AUGUST
Franklin A.N.@anfranklin784877
22 hours ago
August comes with a certain quietness for me. I step into newness but sometimes that newness is sad.
August reminds me of how far behind I've been from where I thought I would be.
I just want so much quietness in August.
August is the time where I'm nearly never seen anywhere or about.
I've always been a person around Academia,so the school calendar helps me hibernate in August and so somehow August also becomes my hibernation season.
I move from a certain sadness and heaviness in July into feeling totally numb in August.
I don't have the desire to go out,meet friends,hang out, I'm even to engulfed in my mind to see a movie,so I escape in a good book, preferably a literary piece that takes me to another world.
Wether this world is heaven or hell,I just want to be melted into the words and lost in between them.

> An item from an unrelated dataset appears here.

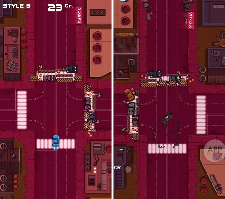 「逃跑」是唯一目标,为什么要逃不是你要考虑的问题。在复古而动感的电子音乐中,玩家控制的逃逸车辆要在堵截者面前完成方向选择,潇洒飘逸开溜。

It's the time I log off social media and just like my Daddy was buried in August. I bury a version of me that I'm tired of.
August is a cocoon moment for me, A season of hibernation.
I have the most awful character because I want to be alone in August, and that I do not commend myself for, I even skip church because I do not want to exchange pleasantries or speak to anyone.
I want to be at the place where I wake up with myself and just hear my voice and listen to my thoughts, these thoughts are reshaped in August for me.
These thoughts are reshaped with quiet seasons with God and I somehow do not understand how I snap out of it,but it's August again and I'm buried inside another world, a literary world this time and waiting for August to pass again.